Narrado por Elena
Dicen que las fotos no envejecen, pero uno sí.
Que siguen ahí, intactas, sin entender que el tiempo ha pasado y que los que están dentro ya no son los mismos.
Quizás por eso duelen tanto cuando decides mirarlas de nuevo: porque no son solo imágenes, sino puertas que ya no puedes volver a cruzar.
Esta noche no tenía intención de abrir el cajón del mueble del pasillo.
Solo iba a buscar un cargador, pero mis dedos, por costumbre o destino, terminaron rozando aquella caja de cartón forrada en papel gris.
La abrí despacio, como quien destapa un frasco antiguo lleno de aire viejo.
Dentro estaban ellas: las fotos que me había prometido no volver a mirar.
Algunas aún conservaban el brillo del papel satinado; otras, amarillentas, parecían respirar recuerdos.
Y ahí estaba Lucas.
Su sonrisa, tan suya, esa que siempre tenía un destello de ironía y ternura mezcladas.
En la mayoría de las fotos, yo lo miraba a él, no a la cámara.
Como si en aquel entonces todo mi mundo cupiera en el espacio que había entre su mirada y la mía.
Pasé los dedos sobre una de las imágenes.
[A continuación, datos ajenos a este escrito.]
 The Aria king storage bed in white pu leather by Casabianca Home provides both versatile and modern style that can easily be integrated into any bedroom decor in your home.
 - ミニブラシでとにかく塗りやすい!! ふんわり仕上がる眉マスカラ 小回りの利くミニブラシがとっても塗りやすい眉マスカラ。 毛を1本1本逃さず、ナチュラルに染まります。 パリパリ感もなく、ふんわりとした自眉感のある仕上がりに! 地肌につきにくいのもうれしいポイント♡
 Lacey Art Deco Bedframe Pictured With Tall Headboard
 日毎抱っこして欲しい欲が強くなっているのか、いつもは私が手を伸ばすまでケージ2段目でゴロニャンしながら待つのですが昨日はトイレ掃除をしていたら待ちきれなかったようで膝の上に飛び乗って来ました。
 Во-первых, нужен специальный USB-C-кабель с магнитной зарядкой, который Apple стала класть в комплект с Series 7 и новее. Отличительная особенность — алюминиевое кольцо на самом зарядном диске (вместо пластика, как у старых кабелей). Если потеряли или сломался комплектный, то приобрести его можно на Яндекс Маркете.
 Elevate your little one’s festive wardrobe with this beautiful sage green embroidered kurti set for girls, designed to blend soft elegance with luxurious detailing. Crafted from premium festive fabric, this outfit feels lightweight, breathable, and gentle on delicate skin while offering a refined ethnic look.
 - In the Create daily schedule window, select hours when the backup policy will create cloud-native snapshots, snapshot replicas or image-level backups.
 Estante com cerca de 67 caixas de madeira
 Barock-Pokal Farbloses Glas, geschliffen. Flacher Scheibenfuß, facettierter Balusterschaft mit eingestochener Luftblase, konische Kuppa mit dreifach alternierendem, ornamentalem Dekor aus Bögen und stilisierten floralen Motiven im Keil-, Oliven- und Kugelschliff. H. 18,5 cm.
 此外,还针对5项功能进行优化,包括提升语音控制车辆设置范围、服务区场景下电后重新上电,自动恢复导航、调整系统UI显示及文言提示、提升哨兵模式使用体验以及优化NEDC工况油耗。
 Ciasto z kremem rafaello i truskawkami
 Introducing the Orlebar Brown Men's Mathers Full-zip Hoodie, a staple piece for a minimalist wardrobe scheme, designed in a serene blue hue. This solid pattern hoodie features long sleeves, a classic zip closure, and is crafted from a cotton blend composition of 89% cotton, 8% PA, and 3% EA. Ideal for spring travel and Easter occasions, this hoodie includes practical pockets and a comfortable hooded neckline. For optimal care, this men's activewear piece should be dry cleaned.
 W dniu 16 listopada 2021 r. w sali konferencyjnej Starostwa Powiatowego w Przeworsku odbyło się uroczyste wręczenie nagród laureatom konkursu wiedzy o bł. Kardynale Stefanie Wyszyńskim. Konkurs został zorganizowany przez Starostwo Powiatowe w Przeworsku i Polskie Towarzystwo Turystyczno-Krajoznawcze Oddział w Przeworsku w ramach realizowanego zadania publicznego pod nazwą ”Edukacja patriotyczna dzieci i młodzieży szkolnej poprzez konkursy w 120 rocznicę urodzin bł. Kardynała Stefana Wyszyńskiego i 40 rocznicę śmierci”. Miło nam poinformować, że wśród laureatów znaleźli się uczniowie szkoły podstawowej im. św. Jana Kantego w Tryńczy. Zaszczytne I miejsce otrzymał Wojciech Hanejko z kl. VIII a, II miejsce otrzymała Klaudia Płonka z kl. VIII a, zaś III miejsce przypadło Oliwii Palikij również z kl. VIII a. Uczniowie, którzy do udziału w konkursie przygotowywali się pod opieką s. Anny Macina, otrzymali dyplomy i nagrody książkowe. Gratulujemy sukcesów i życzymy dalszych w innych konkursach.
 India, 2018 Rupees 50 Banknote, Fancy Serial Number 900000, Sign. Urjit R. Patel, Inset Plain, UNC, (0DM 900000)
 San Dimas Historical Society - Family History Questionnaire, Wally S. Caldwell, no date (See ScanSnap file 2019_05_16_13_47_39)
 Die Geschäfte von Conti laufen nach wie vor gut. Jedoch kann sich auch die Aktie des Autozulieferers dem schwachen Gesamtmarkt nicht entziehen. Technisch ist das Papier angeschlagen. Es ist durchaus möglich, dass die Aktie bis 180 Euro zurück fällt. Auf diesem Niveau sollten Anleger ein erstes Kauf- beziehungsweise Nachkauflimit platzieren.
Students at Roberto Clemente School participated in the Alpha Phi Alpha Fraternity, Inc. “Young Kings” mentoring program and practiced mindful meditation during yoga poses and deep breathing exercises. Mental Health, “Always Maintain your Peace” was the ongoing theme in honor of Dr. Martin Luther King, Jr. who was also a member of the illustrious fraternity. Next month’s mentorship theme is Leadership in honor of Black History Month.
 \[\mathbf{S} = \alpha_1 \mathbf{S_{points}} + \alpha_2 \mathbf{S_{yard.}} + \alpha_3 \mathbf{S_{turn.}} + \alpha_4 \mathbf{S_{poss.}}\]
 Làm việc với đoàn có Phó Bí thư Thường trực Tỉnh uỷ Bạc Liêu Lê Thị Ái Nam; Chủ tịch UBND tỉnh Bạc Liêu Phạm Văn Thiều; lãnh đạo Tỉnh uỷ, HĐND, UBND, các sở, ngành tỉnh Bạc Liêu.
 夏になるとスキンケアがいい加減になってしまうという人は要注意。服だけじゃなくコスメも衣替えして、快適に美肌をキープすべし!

Era de un día común: nosotros en la cocina, riéndonos por algo tan tonto que ni siquiera lo recuerdo.
Había harina en el aire y en su cabello, mi mano intentando empujarle un poco más con la espátula.
Era esa clase de risa que te deja sin aliento.
Esa clase de felicidad que uno cree que nunca se va a acabar.
Me detuve en otra. La de nuestra boda.
Yo no la había mirado desde hace años.
El vestido, el ramo, los destellos de luz que se filtraban entre los invitados.
Su mano sosteniendo la mía.
Un “para siempre” que se congeló en el tiempo.
La vista se me nubló.
No lloré por costumbre, sino porque lo sentí.
Porque por primera vez en mucho tiempo no traté de detenerlo.
El llanto llegó sin prisa, silencioso, como si el alma necesitara vaciarse para hacer espacio a algo que aún no sabía nombrar.
Entre una foto y otra, encontré una carta arrugada.
Solo una hoja doblada en cuatro, con su letra apurada, como si la hubiera escrito antes de salir a trabajar:
“No olvides sonreír, incluso cuando yo no esté.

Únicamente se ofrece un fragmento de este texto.